#### Data segment ####

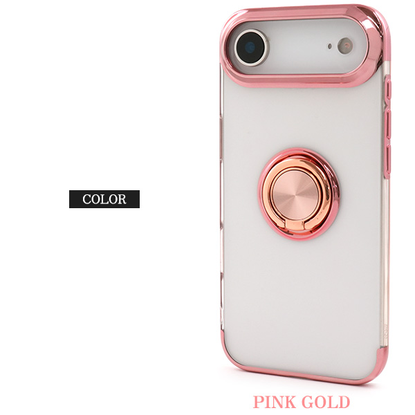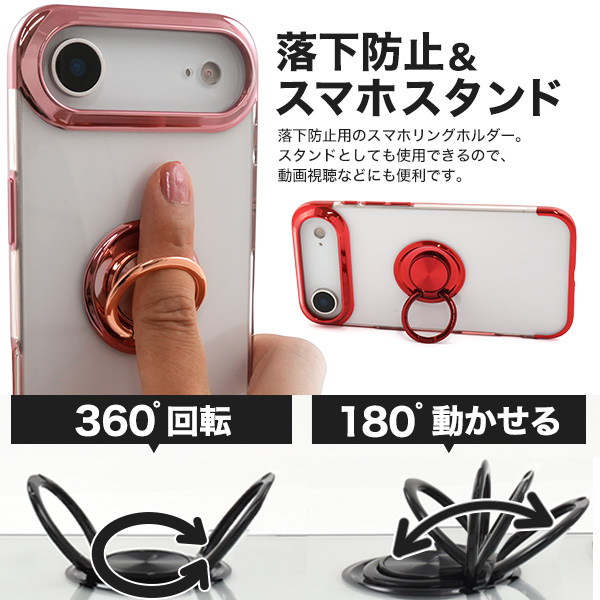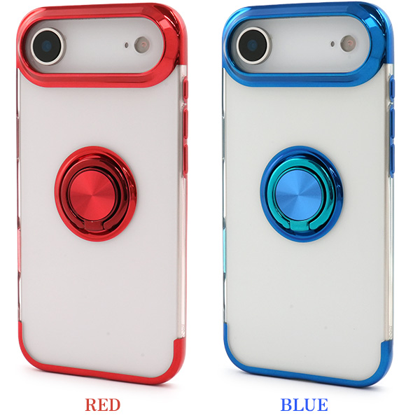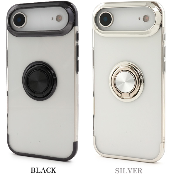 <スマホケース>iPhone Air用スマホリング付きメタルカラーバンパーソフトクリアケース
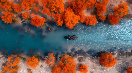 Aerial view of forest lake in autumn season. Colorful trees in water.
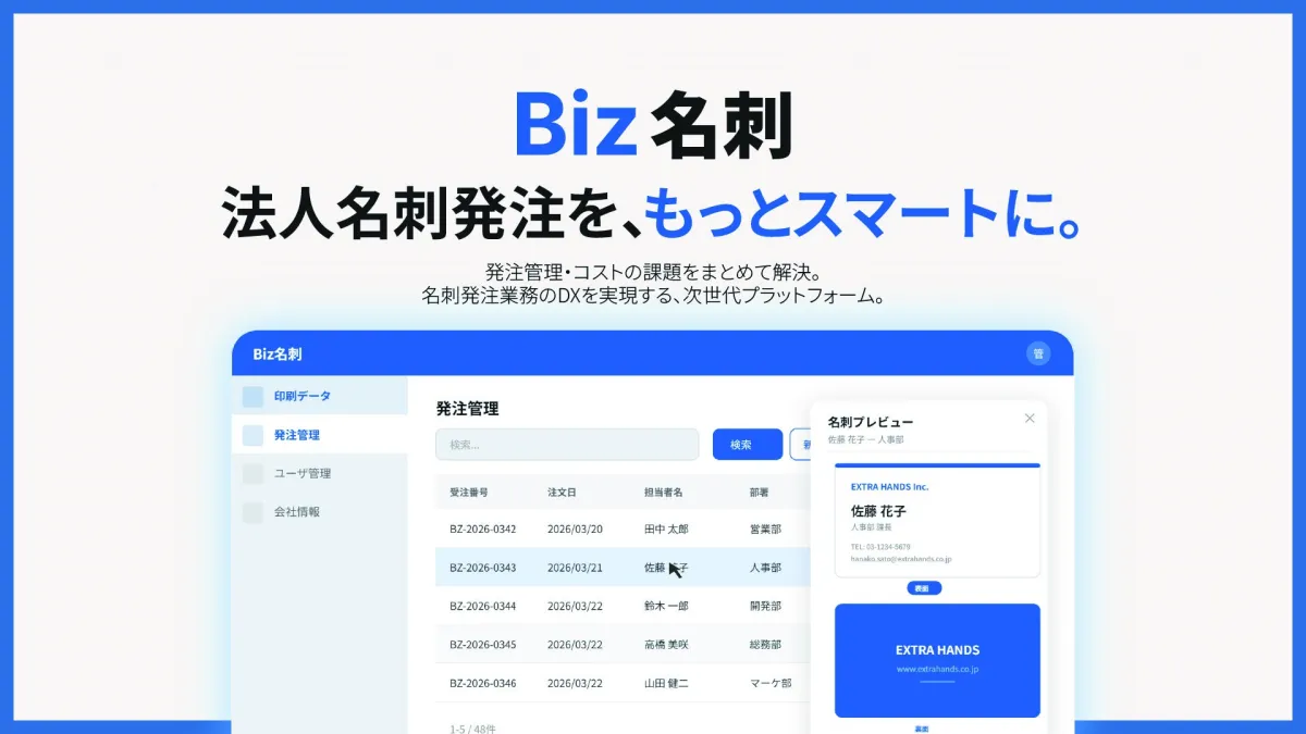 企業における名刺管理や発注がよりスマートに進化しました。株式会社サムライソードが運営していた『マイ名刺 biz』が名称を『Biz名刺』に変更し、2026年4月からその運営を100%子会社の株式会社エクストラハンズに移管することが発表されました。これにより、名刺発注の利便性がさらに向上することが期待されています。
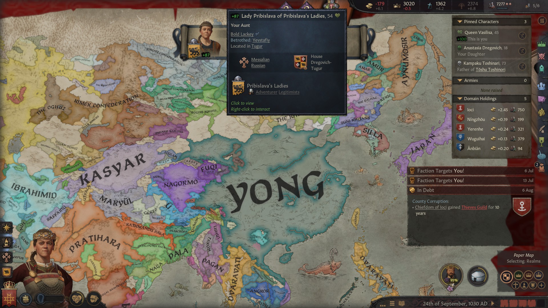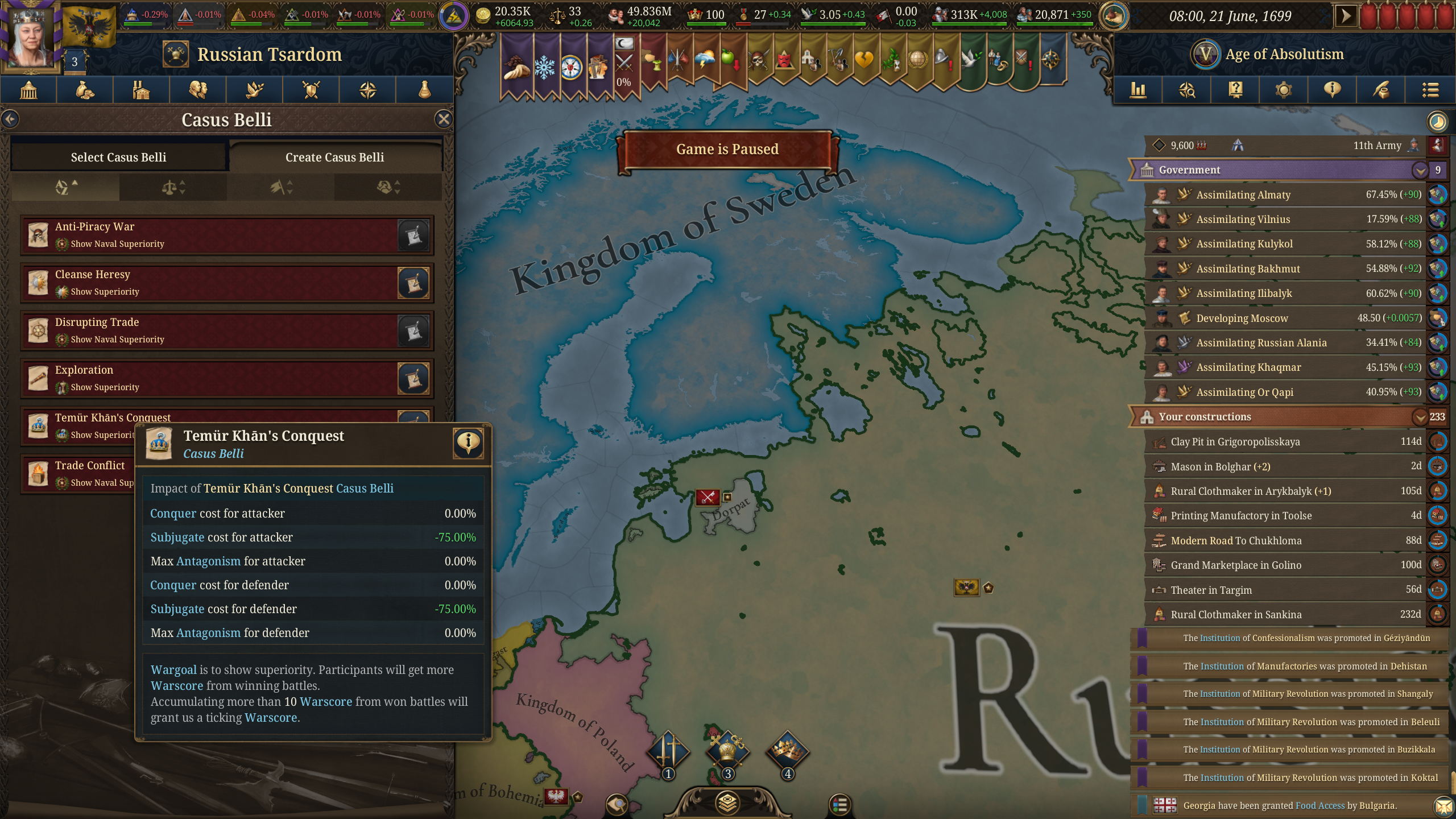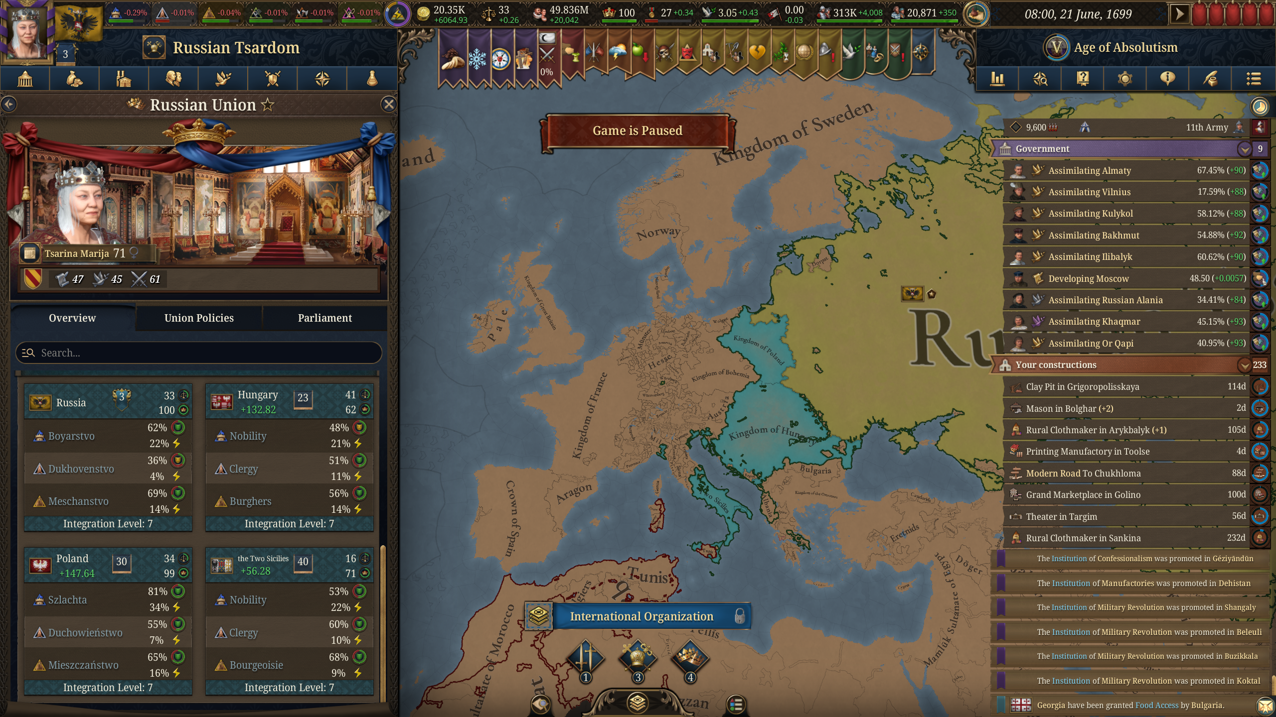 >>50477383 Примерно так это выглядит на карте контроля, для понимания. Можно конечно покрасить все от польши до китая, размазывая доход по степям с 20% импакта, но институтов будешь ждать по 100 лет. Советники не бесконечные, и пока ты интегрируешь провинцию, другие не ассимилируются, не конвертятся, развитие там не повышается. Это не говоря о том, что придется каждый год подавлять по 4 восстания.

####

Repeat, exactly and only, the lines from the one containing "Aerial view of" through the final line of the data, both ends included, leaving out any picture.

 Aerial view of forest lake in autumn season. Colorful trees in water.
 企業における名刺管理や発注がよりスマートに進化しました。株式会社サムライソードが運営していた『マイ名刺 biz』が名称を『Biz名刺』に変更し、2026年4月からその運営を100%子会社の株式会社エクストラハンズに移管することが発表されました。これにより、名刺発注の利便性がさらに向上することが期待されています。
 >>50477383 Примерно так это выглядит на карте контроля, для понимания. Можно конечно покрасить все от польши до китая, размазывая доход по степям с 20% импакта, но институтов будешь ждать по 100 лет. Советники не бесконечные, и пока ты интегрируешь провинцию, другие не ассимилируются, не конвертятся, развитие там не повышается. Это не говоря о том, что придется каждый год подавлять по 4 восстания.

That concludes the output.